Does the secondary insurance always pay the remaining balance?

Does the secondary insurance always pay the remaining balance?

Does the Secondary Insurance Always Pay the Remaining Balance?

It’s a common assumption that secondary insurance will cover whatever the primary insurance doesn’t—but that’s not always the case. While secondary payers do help reduce patient out-of-pocket costs, they don’t automatically pay every remaining balance. Understanding how secondary coverage works can help your billing team set accurate expectations and avoid unnecessary write-offs or patient disputes.

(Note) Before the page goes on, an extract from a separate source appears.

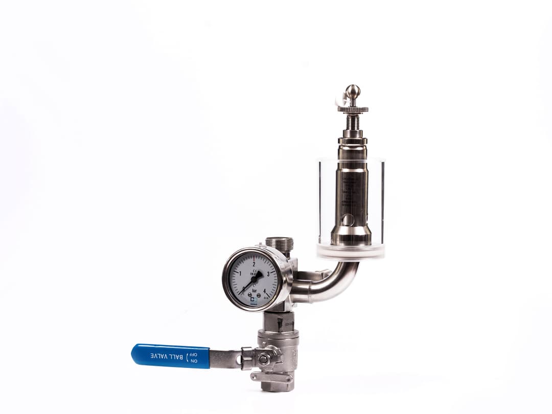 The sanitary bell enables automatic washing (with water, sanitising solution) of the air piping of the lager tank, the pressure bunging apparatus and the sampling valve in one operation
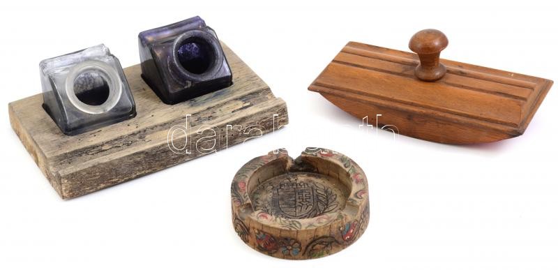 Egy régi íróasztal kellékei: hamutál, tintatartó, tapper, mind kopásnyomokkal, a hamutálon kisebb törés, sz: 18,5 és 17,5 cm, d: 9,5 cm

1. The Short Answer: No, Not Always

Secondary insurance does not guarantee full payment of any remaining balance after the primary insurance processes a claim. The amount they pay depends on:

  • The coordination of benefits (COB) rules

  • The secondary payer’s allowable amount for the service

  • What the primary insurance has already paid

  • The patient’s plan coverage and benefits

  • Contractual write-offs or provider network status


2. Common Scenarios Where the Secondary Doesn’t Pay

Here are a few examples of when the secondary insurance may not cover the full leftover balance:

  • Primary payment exceeds the secondary's allowable amount

  • Secondary considers the service non-covered

  • Secondary denies claim due to missing primary EOB

  • Coordination of benefits not correctly filed or out-of-date

  • Patient’s secondary plan has a deductible or coinsurance remaining

  • Provider is out-of-network with the secondary payer


3. How Payers Coordinate Payment Responsibility

Each insurance plan has a contractual allowable for each service. The total payment from both payers combined is usually limited to the lower of the two allowables.

Example:

  • Billed amount: $150

  • Primary allowable: $100, paid $80, patient responsibility $20

  • Secondary allowable: $90

  • Secondary may pay only $10 (to bring total up to their $90 max), not the full $20 balance


4. Patient May Still Owe a Balance

Even with two active insurance policies, the patient can still be responsible for part of the cost. For example:

  • If both plans have deductibles or cost-sharing

  • If the secondary doesn’t cover certain services

  • If COB issues prevent full payment

  • If billing errors cause denial and the claim cannot be corrected in time

It’s important to clearly communicate with patients and review both EOBs before issuing a final balance bill.


5. Best Practices for Accurate Secondary Billing

  • Always verify both insurance plans and COB status at registration

  • Submit the primary EOB with all secondary claims

  • Wait for the secondary EOB before billing the patient

  • Use software that calculates expected secondary payments based on allowables

  • Document and code any write-offs clearly in the patient’s record


Conclusion:

Secondary insurance is a helpful tool for reducing patient financial responsibility—but it doesn’t always pay the remaining balance after the primary insurer. Billing teams should review both plans' allowables, understand COB rules, and educate patients clearly about their potential out-of-pocket costs.